После подобных схваток мы разбегались по домам, торопясь как на пожар. Вбежав в избу, я, не успевая снять полушубка, сразу орал во все горло вечно занятой по хозяйству матери:

— Дай поесть!

Я представлял себе большую миску, наполненную аппетитно дымящейся картошкой, мягкой и рассыпчатой, а к ней — горшок кислого молока, покрытого золотящейся сметаной. При одной мысли о такой роскоши у меня текли слюнки и чуть-чуть кружилась голова.

— Поесть? — тихо переспрашивала мама. — Ты что — проголодался?

— Проголодался! — вопил я. — Да я голоден, как целая стая волков!

И тут только я замечал, как медленно краснеют мамины веки, когда она трясущимися руками обшаривает ящики стола, кухонную полку, заглядывает в печь.

— Есть хочу… — упрямо твердил я, — слышишь, дай хоть чего-нибудь поесть…

В конце концов маме обычно удавалось найти чего-нибудь: корку черного хлеба, припрятанную именно на такой случай, лепешку из картофельных очистков, а то и ложку коричневой патоки. Проглатывал я это в одно мгновение и тут же готов был попросить еще, но сдерживался — глаза у матери подозрительно увлажнялись…

— Спасибо, — второпях бормотал я, — теперь, подкрепившись, побегу играть с ребятами.
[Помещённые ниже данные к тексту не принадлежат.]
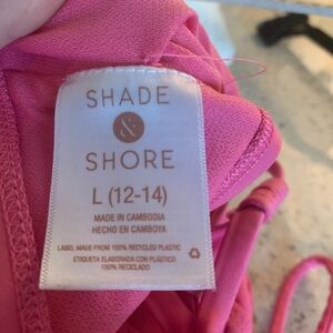 Shade & Short Hot Pink One-Piece Swimsuit Large Plunge Neck Tie Front

Я уходил в тайгу. Иногда, порывшись в снегу, мне удавалось найти несколько засохших и промерзших ягод брусники. Это была редкостная удача. Такую находку я старался разжевывать как можно медленнее, чтобы продлить удовольствие.

В то время я очень любил спать, потому что всегда мне снились роскошные пиршества. Сначала я поглощал огромные ломти хлеба, потом принимался за пшенную кашу со шкварками и, наконец, наступал черед сахара — всегда огромными кусками. Проснувшись, я еще некоторое время ощущал во рту сладкий вкус.

— Почему у нас никогда нет сахару? — спросил я как-то отца.

Он лежал на постели, только что вернувшись с лесоповала. Руки у него были покрыты ссадинами и кровавыми волдырями мозолей. Отец молчал.

— Почему у нас нет сахару? — повторил я свой вопрос.

Он не пошевелился, а только открыл глаза.

— Сахар нужен солдатам, — услышал я. — Голодному человеку трудно вести бой.

— А хлеб?

— Гитлеровцы заняли Украину и многие другие земли, богатые хлебом. Сейчас во всей стране хлеба не хватает, а солдаты должны быть сытыми в первую очередь. Понимаешь?

Понимать-то я понимал, но это ничуть не избавляло от мучительного сосания в желудке, легкой тошноты и головной боли. И я продолжал постоянно думать о хлебе.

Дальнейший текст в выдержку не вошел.